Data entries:
━━━━
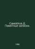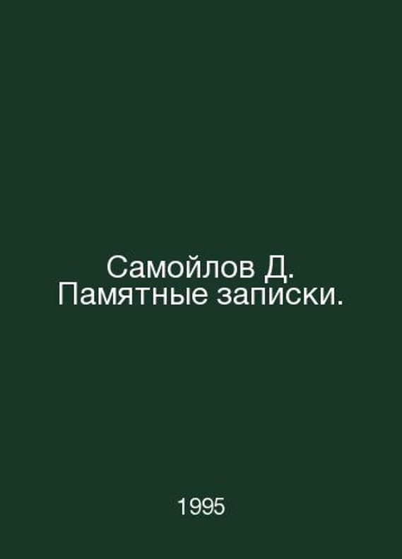 Samoilov D. Memoranda. In Russian /Samoylov D. Pamyatnye zapiski. M International Relations. 1995.Contact us for details or to request photos of available books. Delivery of this book could take longer than normal due to additional handling time before shipping, and no rush delivery options are available. Please let us know if you have a specific date by which you need to receive your order.SKUalb76998fb389ea8aa0
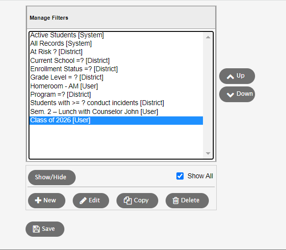 a set of criteria to selectively screen out incoming information, such as "all active students" or "former students" that you own,
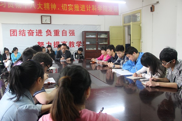 会议伊始,主席黄文善首先安排了学生会各部门近期的重要学生活动和相关工作,并希望学生会各部门积极行动起来。随后,各部门干部分别就自己相关工作展开了讨论与交流,制定下了本学期的工作计划。接着,计科学院团总支书记李倩倩老师希望大家多开展各种有意义的素质活动,努力争取到全国A级证书以及国家励志奖学金。并要求全体学生会干部做好表率作用,在以后的学习生活中把握好每一次机会。
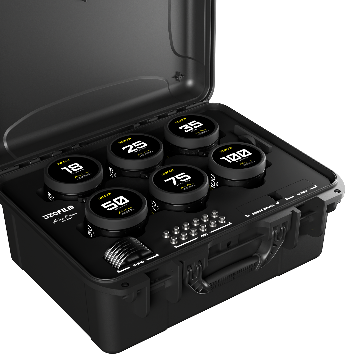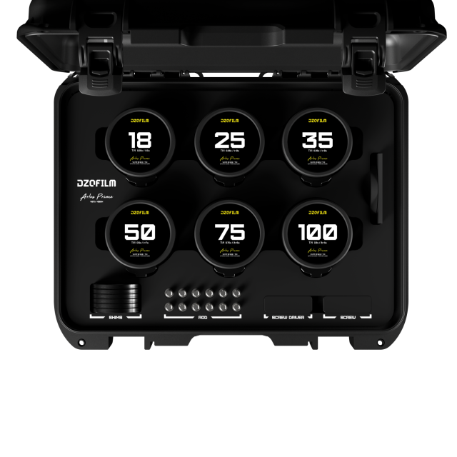 DZOFILM Arles Prime 6pc Metric Lens Kit PL Mount Black Case DZO SAP6MPL. Capture cinematic visions with the DZOFILM Arles Prime 6 lens kit in PL mount and sleek black case. This metric set includes 18mm 25mm 35mm 50mm 75mm and 100mm primes delivering exceptional image quality and consistent performance for professional filmmaking. Elevate your productions with these versatile and reliable cinema lenses.
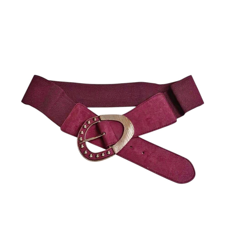 Ceinture Elisa femme đ€ : ceinture Ă©lastique bordeaux avec boucle fantaisie dorĂ©e. Taille unique, convient du 36 au 42/44. Chic et confortable.
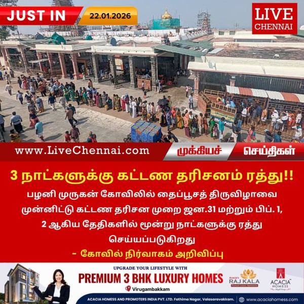 தைப்பூசத்தின்போது பக்தர்கள் அதிக அளவில் வருகை தருவதை கருத்தில் கொண்டு இந்த முடிவு எடுக்கப்பட்டுள்ளது. இந்த மூன்று நாட்களிலும் பக்தர்கள் இலவச தரிசனம் மூலம் மட்டுமே சுவாமி தரிசனம் செய்ய அனுமதி வழங்கப்படும்.
━━━━
Any picture found in the data is to be skipped while the rest is copied exactly.

— SOLUTION BELOW —
 Samoilov D. Memoranda. In Russian /Samoylov D. Pamyatnye zapiski. M International Relations. 1995.Contact us for details or to request photos of available books. Delivery of this book could take longer than normal due to additional handling time before shipping, and no rush delivery options are available. Please let us know if you have a specific date by which you need to receive your order.SKUalb76998fb389ea8aa0
 a set of criteria to selectively screen out incoming information, such as "all active students" or "former students" that you own,
 会议伊始,主席黄文善首先安排了学生会各部门近期的重要学生活动和相关工作,并希望学生会各部门积极行动起来。随后,各部门干部分别就自己相关工作展开了讨论与交流,制定下了本学期的工作计划。接着,计科学院团总支书记李倩倩老师希望大家多开展各种有意义的素质活动,努力争取到全国A级证书以及国家励志奖学金。并要求全体学生会干部做好表率作用,在以后的学习生活中把握好每一次机会。
 DZOFILM Arles Prime 6pc Metric Lens Kit PL Mount Black Case DZO SAP6MPL. Capture cinematic visions with the DZOFILM Arles Prime 6 lens kit in PL mount and sleek black case. This metric set includes 18mm 25mm 35mm 50mm 75mm and 100mm primes delivering exceptional image quality and consistent performance for professional filmmaking. Elevate your productions with these versatile and reliable cinema lenses.
 Ceinture Elisa femme đ€ : ceinture Ă©lastique bordeaux avec boucle fantaisie dorĂ©e. Taille unique, convient du 36 au 42/44. Chic et confortable.
 தைப்பூசத்தின்போது பக்தர்கள் அதிக அளவில் வருகை தருவதை கருத்தில் கொண்டு இந்த முடிவு எடுக்கப்பட்டுள்ளது. இந்த மூன்று நாட்களிலும் பக்தர்கள் இலவச தரிசனம் மூலம் மட்டுமே சுவாமி தரிசனம் செய்ய அனுமதி வழங்கப்படும்.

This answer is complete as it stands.